Ethics application status

Not yet submitted

Date submitted

20/07/2012

Date registered

24/07/2012

Date last updated

24/07/2012

Type of registration

Prospectively registered

Titles & IDs

Public title

A trial comparing minimally invasive spinal surgery with open spinal surgery to treat narrowing of the spinal canal

Scientific title

Randomised Controlled Non-inferiority Trial Of Minimally Invasive Versus Standard Open Decompression For Degenerative Lumbar Canal Stenosis, comparing functional outcomes, pain scores, and complications in both procedures.

Secondary ID [1]

Nil

Universal Trial Number (UTN)

U1111-1132-8416

Trial acronym

Linked study record

Health condition

Health condition(s) or problem(s) studied:

Degenerative lumbar canal stenosis

Condition category

Condition code

Surgery

Surgical techniques

Neurological

Other neurological disorders

Musculoskeletal

Other muscular and skeletal disorders

Intervention/exposure

Study type

Interventional

Description of intervention(s) / exposure

Minimally invasive decompressive laminectomy - the hypertrophied ligamentum flavum and facets are undercut with surgical access through a small working tube, as opposed to a long midline incision. In this manner the spinal canal and neural elements are decompressed, whilst preserving the spinal extensor muscles, and the spinous processes. The procedure takes approximately 90-120 minutes of operating time.

Intervention code [1]

Treatment: Surgery

Comparator / control treatment

Standard treatment - open decompressive laminectomy. Through a midline skin incision, the lamina and spinous processes of the vertebrae are removed, and hypertrophied ligamentum flavum removed. This allows decompression of the spinal canal and neural elements.

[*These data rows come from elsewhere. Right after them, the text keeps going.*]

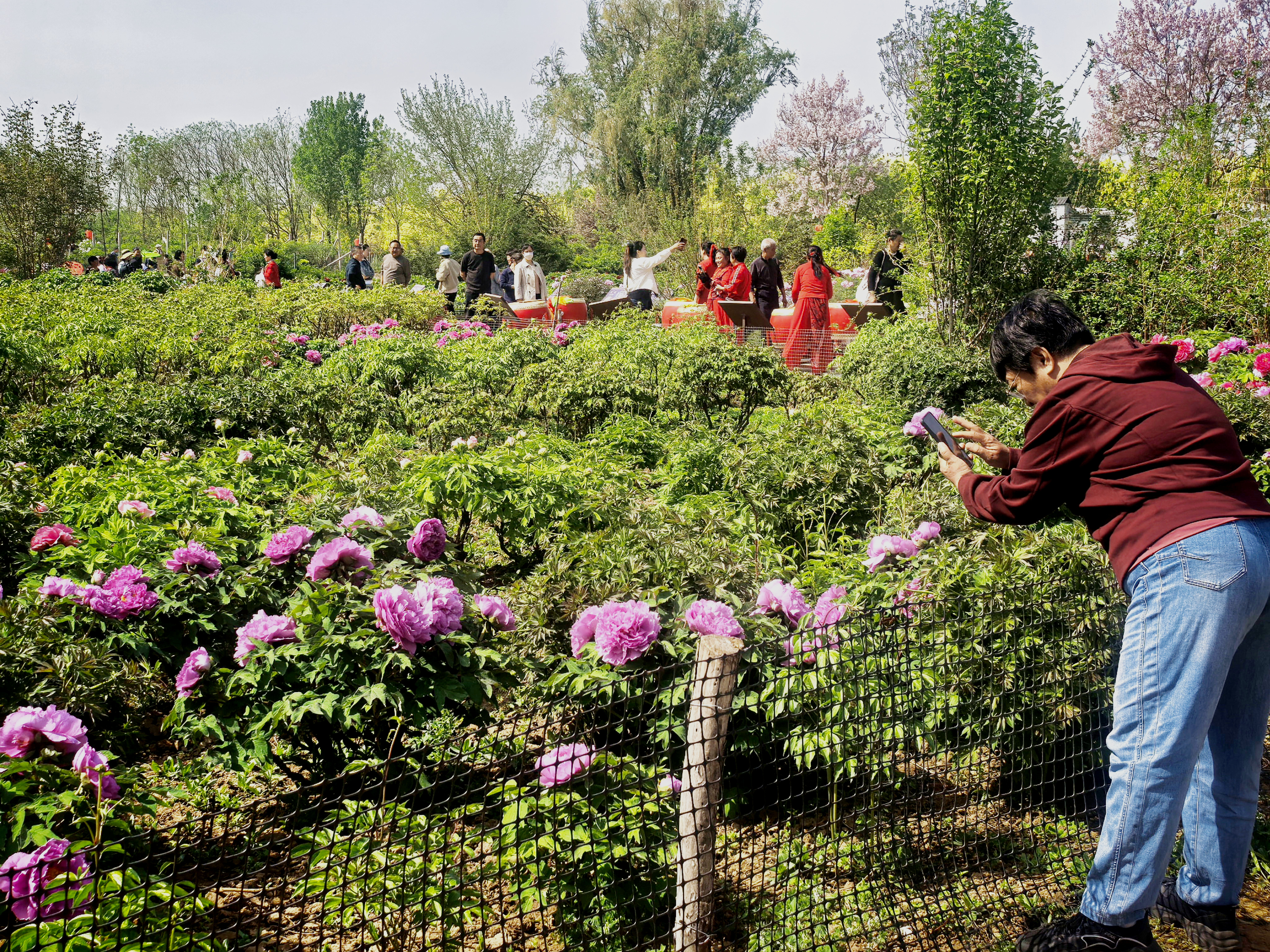 园区依托优质花卉资源,打造集观光游览、科普教育于一体的休闲空间。园内一步一景、花香萦绕,层层叠叠的紫斑牡丹花色斑斓、暗香浮动,吸引周边大批游客慕名而来。繁花掩映间,文艺爱好者自发登台献艺,网络达人进行现场直播、短视频拍摄,线上线下同步传播,让乡村花海美景广为人知。不少家长特意带孩子前来,近距离观察珍稀紫斑牡丹,学习花卉常识、了解牡丹的历史,在亲近自然、放松身心的同时开阔眼界、增长见识。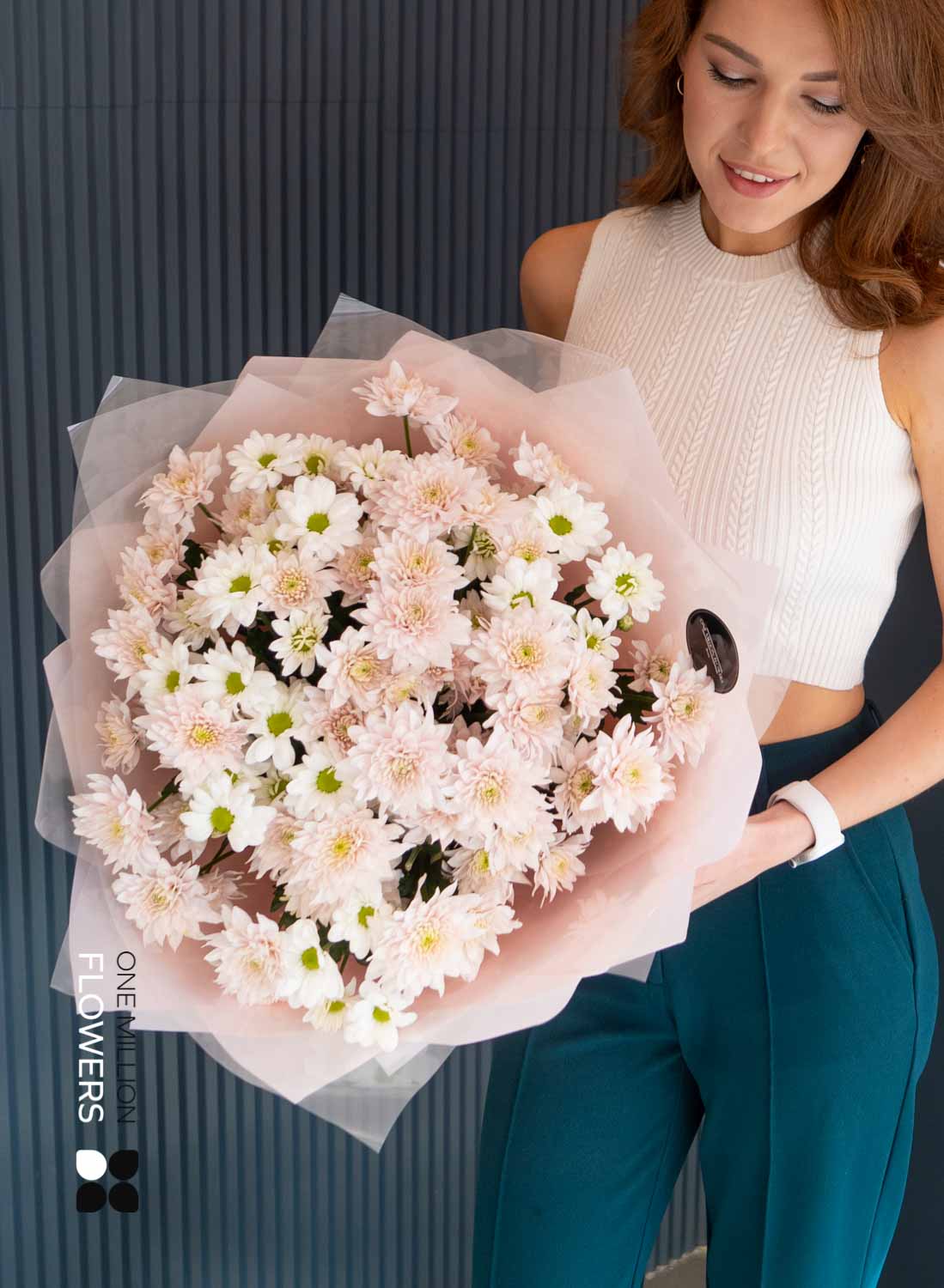 Букет "Сантини Палермо" Grand — это сочетание невероятной красоты и изысканности. В его составе вы найдёте 5 кустовых хризантем белого цвета и 10 кустовых хризантем розового. Эти цветы создают гармонию и наполняют букет свежестью, что делает его идеальным подарком для любого события.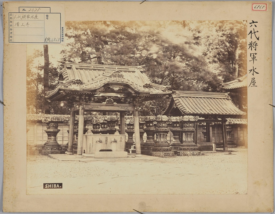 銘文:表:六代將軍水屋(墨)、六代將軍水屋 増上寺(東京帝室博物館ラベル)、SHIBA.(画面内)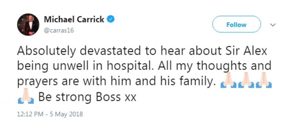 Đội trưởng MU - Michael Carrick thể hiện tình cảm với Sir Alex trong thông điệp gửi trên trang mạng xã hội cá nhân" “Tôi hoàn toàn bất ngờ khi hay tin Sir Alex không khỏe và phải nhập viện. Bây giờ tất cả những suy nghĩ của tôi đều hướng về ông ấy. Tôi cầu nguyện cho ông ấy và gia đình. Hãy mạnh mẽ lên, ông chủ”.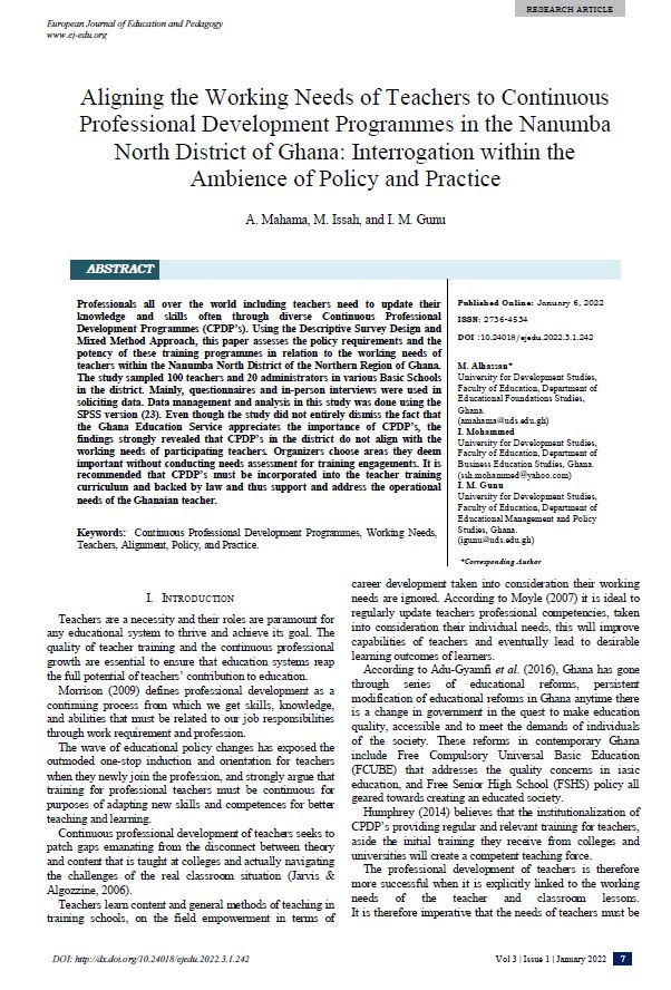 Aligning the Working Needs of Teachers to Continuous Professional Development Programmes in the Nanumba North District of Ghana: Interrogation within the Ambience of Policy and Practice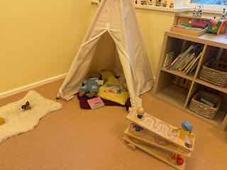 Auch in der Krippe ist eine durch die Pädagoginnen sorgfältig vorbereitete Umgebung wichtig, damit die Kinder gleich nach der liebevollen Begrüßung morgens leicht ins Spiel finden und in der Kita innerlich ankommen.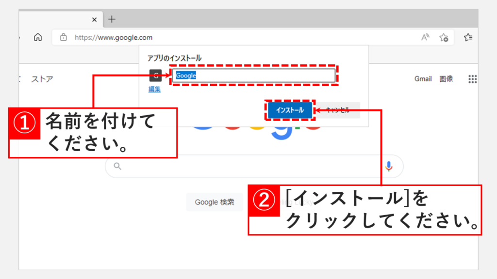 如何將網站安裝為應用程序並隱藏地址欄步驟2 輸入應用程序名稱,然後單擊【安裝】
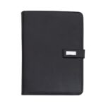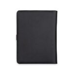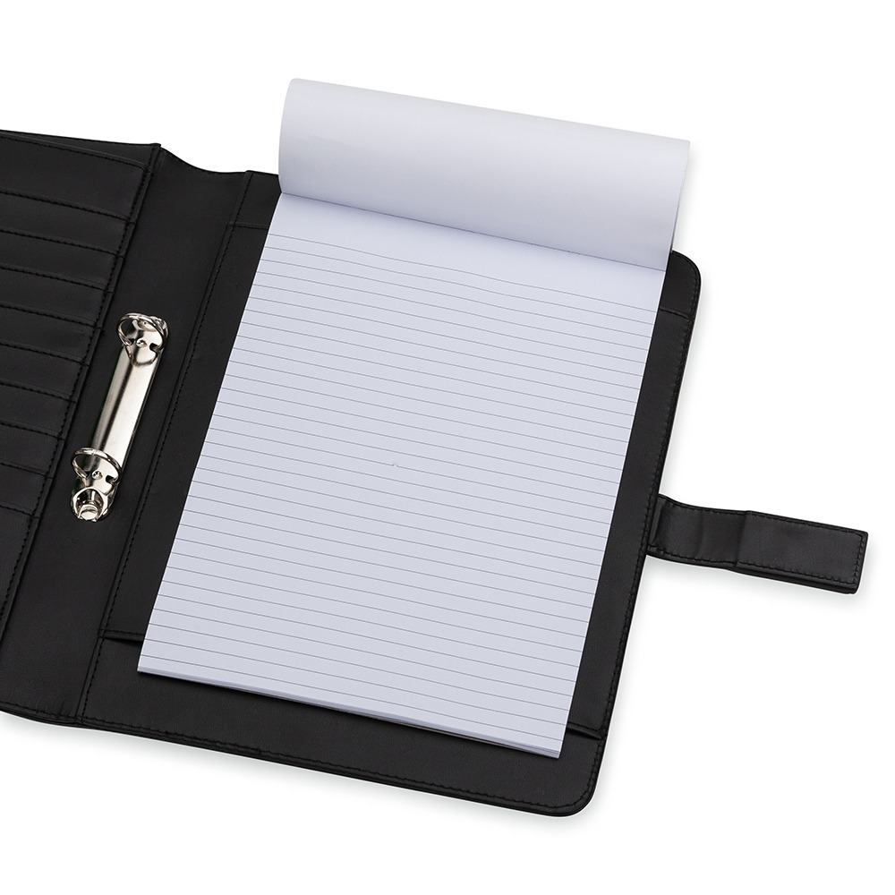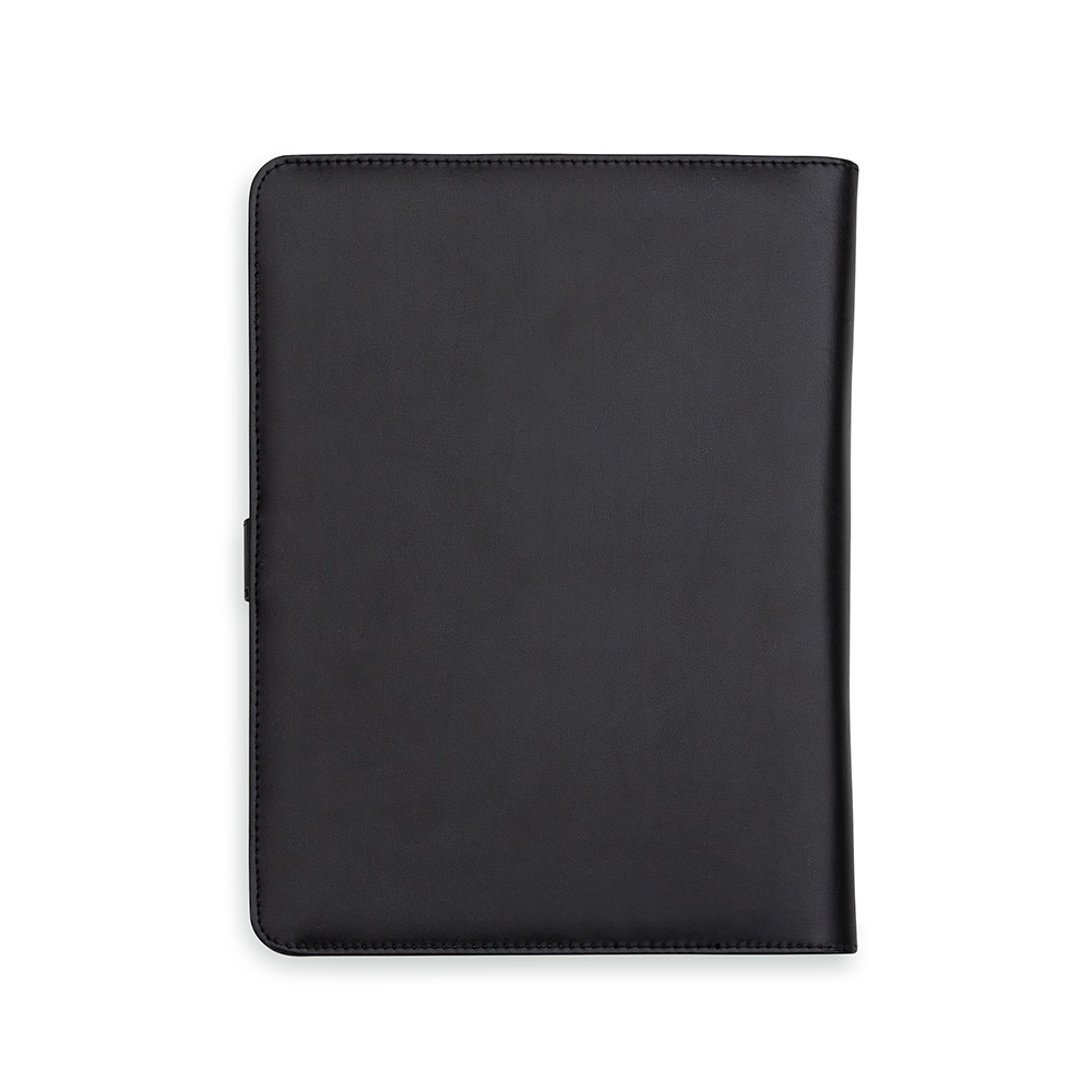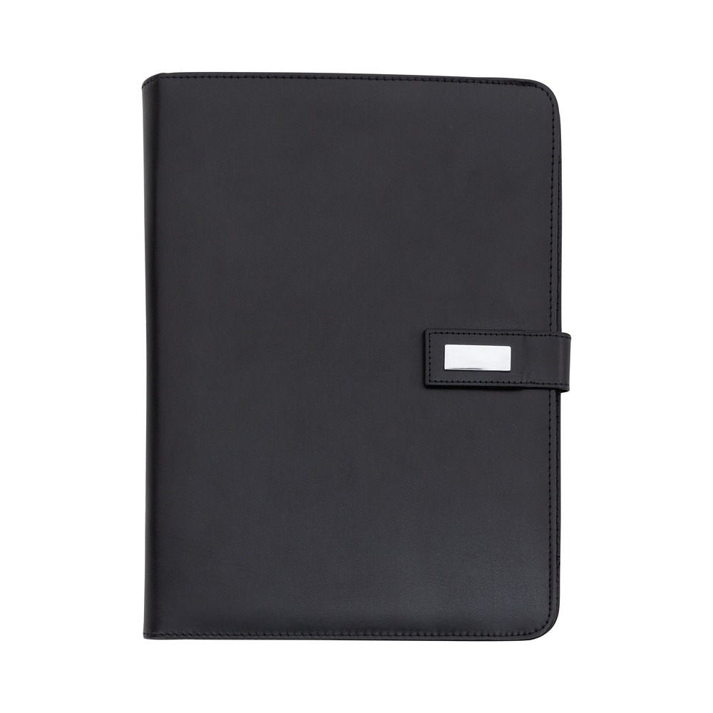 Descrição: Pasta convenção com fecho imantado e plaquinha personalizável. Produzido em couro sintético, a pasta contém bolso lateral na contracapa e bolso com fechamento em zíper, além divisórias para cartões e/ou documentos com bolso lateral. Possui acesso para fichário de duas argolas e compartimento para bloco de folhas com aproximadamente 20 folhas brancas com pauta.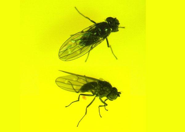 The ‘hunter fly’, Coenosia attenuata, is a naturally-occurring predator of various pests, including sciarid flies, shore flies, leaf miners and whiteflies. The greyish adult flies are 2.5-4 mm long and resemble small house flies http://web.agrsci.dk/plb/iobc/sting/sting29.pdf). The adult catches its prey, e.g. adult shore flies, in flight, and leaves the prey bodies behind when it has sucked out the body fluids. Coenosia larvae are predatory on ground-dwelling prey, e.g. sciarid and shore fly larvae. Research is being done in the USA on the potential of Coenosia as a commercial biological control agent.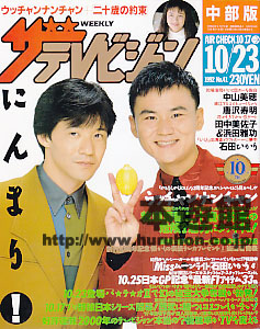 ザ・テレビジョン中部版1992年10月17日-10月23日号ウッチャンナンチャン(表紙)、牧瀬里穂、稲垣吾郎、モノクロ(的場浩司、中山美穂、浜田雅功、田中美佐子、唐沢寿明、石田ひかり、一色紗英、泉谷しげる、篠ひろ子、ビートたけし、山口智子、

An open decompressive laminectomy takes approximately 90-120 minutes of operating time.

Open decompressive laminectomy has been shown to be superior to non-surgical treatment in previous randomised trials, but has not been directly compared to the newer minimally invasive techniques.

Control group

Active

Outcomes

Primary outcome [1]

Oswestry Disability Index at 6 months post operatively

Timepoint [1]

6 months post op

Secondary outcome [1]

Post operative pain - Visual Analogue Score

Timepoint [1]

One day post operatively

Secondary outcome [2]

Operative complications
1. Intraoperative dural tear - as observed at theatre
2. Post operative CSF leak - if clinically observed in post operative
period.
3. Post operative infection - diagnosied clinically, and if necessary with post operative blood tests and/or MRI imaging
4. Blood transfusion requirements - retrieved from the medical record of the inpatient episode
5. Second surgical procedure at the operative level - retrieved from the medical record of the inpatient episode
6. Post operative spondylolisthesis - diagnosed on post operative MRI and X-ray

Timepoint [2]

At time of intervention

Long term spondylolisthetic complications will be detected at follow up imaging at 6 months

Secondary outcome [3]

EuroQuol EQ-5D Quality of Life outcome

Timepoint [3]

4 weeks post op
6 months, 12 months, and 24 months post op

Secondary outcome [4]

Post operative MRI and X-ray at 6 months to assess extent of canal decompression, and exclude late onset of post operative spondylolisthesis or instability.

Timepoint [4]

6 months post op

Secondary outcome [5]

Oswestry Disability Index at 12 months and 24 months post op

Timepoint [5]

12 months and 24 months post op

Eligibility

Key inclusion criteria

Patients with symptomatic degenerative lumbar canal stenosis with neurogenic claudication and/or lumbar radiculopathy

Minimum age

18 Years

Maximum age

No limit

Sex

Both males and females

Can healthy volunteers participate?

Key exclusion criteria

Cauda equina syndrome
Requirement for instrumentation
Prevous lumbar spine surgery at the affected level(s)
Dependent in ADLs (Karnofsky Score <60)
Psychiatric illness
Other significant comorbidities that may affect pain scores

Study design

Purpose of the study

Treatment

Allocation to intervention

Randomised controlled trial

Procedure for enrolling a subject and allocating the treatment (allocation concealment procedures)

Randomisation by off site techniques

Methods used to generate the sequence in which subjects will be randomised (sequence generation)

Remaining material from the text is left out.